Migrants who crossed the Channel to Britain from northern France are being held in substandard conditions despite government promises to improve accommodation, inspectors said Thursday.
The findings by the Inspectorate of Prisons and independent volunteer monitoring groups came after visits to migrant detention facilities in the last three months.
They found women who said they had been raped by smuggling gangs were "not adequately supported" and lone children were being held with unrelated adults.
A previous inspection in September 2020 found the same facilities were "badly equipped to meet their purpose," the chief inspector of prisons, Charlie Taylor, said.
The Home Office had then assured "rapid action" to improve conditions.
But he added: "Despite some limited progress, detainees, including large numbers of unaccompanied children, continued to experience very poor treatment and conditions."
Taylor said it was not immediately clear why government assurances had not been followed through, although inspectors were told of difficulties in coordination.
Anne Owers, a predecessor of Taylor as chief inspector of prisons who now chairs the Dover and Heathrow Independent Monitoring Boards (IMB), said "urgent action" was required.
Britain has this year faced an unprecedented number of arrivals of migrants using small boats to cross the Channel.
The situation has become a political headache for Britain, which vowed to "take back control " of its borders after leaving the European Union – and strained ties with France.
U.K. Prime Minister Boris Johnson outraged France by urging them to take back migrants who have crossed the busy shipping lane and is seeking to tighten immigration laws.
Last month 27 men, women and children drowned when their boat sank in November.

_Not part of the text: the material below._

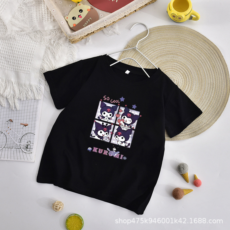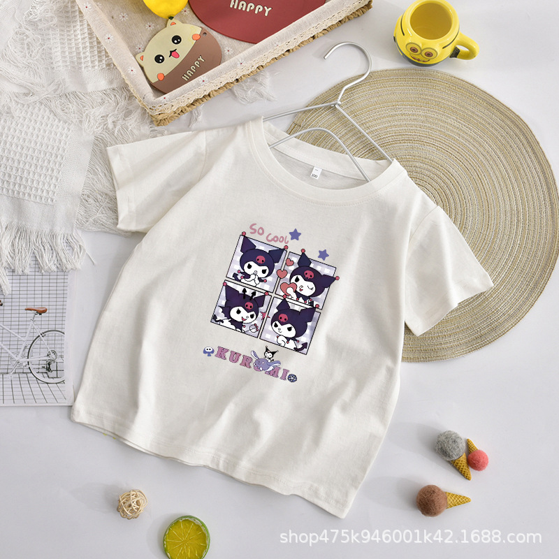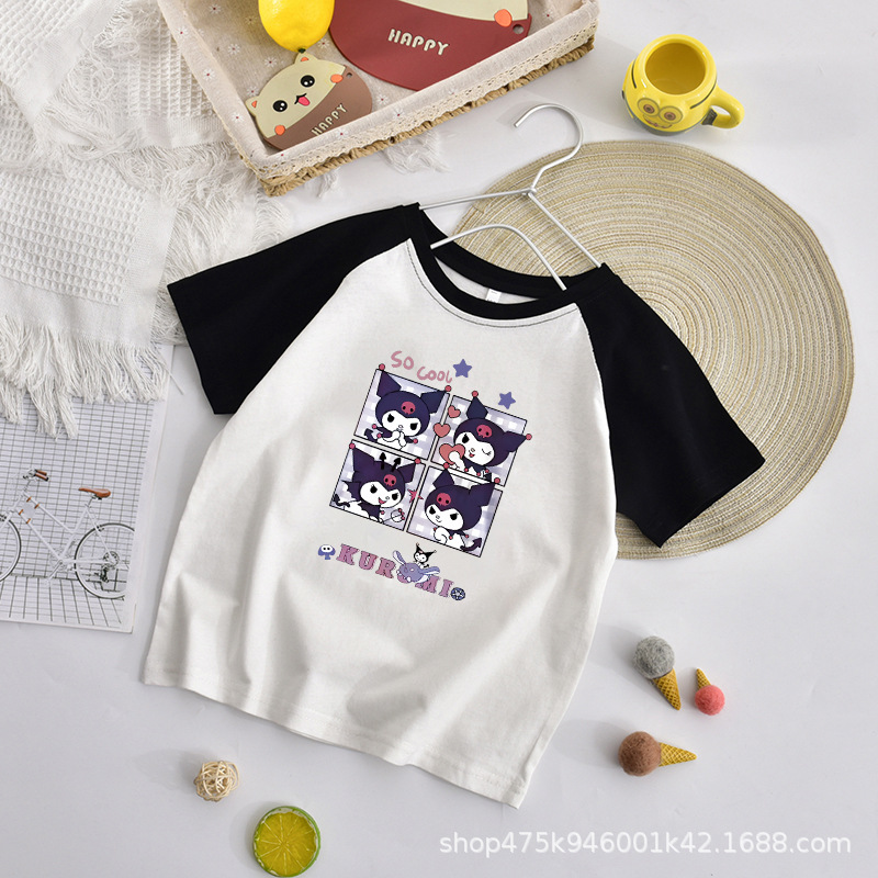 Kulomi Girls Cotton 반팔 티셔츠 여름 새로운 세련된 올매치 반소매 탑 트렌디 미드 빅 키즈 Ins

The inspectors said families with young children were among those who have had to spend more than 24 hours in tents after arriving to be processed at Tug Haven, near Dover.

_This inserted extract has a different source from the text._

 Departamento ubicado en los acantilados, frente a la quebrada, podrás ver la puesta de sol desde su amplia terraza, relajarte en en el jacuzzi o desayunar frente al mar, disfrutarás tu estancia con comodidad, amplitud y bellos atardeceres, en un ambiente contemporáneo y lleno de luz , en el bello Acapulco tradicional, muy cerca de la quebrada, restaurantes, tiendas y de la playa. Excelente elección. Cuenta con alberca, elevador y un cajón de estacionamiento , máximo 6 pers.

They highlighted "inadequate follow-up care" for two women who said they had been raped, and another who said she had been "sold into domestic servitude."

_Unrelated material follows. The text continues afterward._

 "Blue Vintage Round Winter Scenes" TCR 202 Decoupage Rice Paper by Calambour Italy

Migrants were held in "increasingly cold conditions," including on double-decker buses used to transport migrants and which were sometimes used for sleeping, they added.
They also raised concerns about injuries sustained by migrants on the crossing, including fuel burns, cuts and bruises, which went unnoticed on arrival and at processing.
On Wednesday, a local parliamentarian in Kent, southeast England, said a military base chosen by the Home Office to process migrants by January 2022 was "unworkable and unacceptable."
Officials have proposed using part of the Ministry of Defense site at Manston to hold people for up to five days while security and asylum checks are carried out. But North Thanet member of Parliament Roger Gale said the site was "inappropriate."
Other parliamentarians have said using military style accommodation was unsuitable and potentially traumatic for migrants, many of whom had fled war and violence.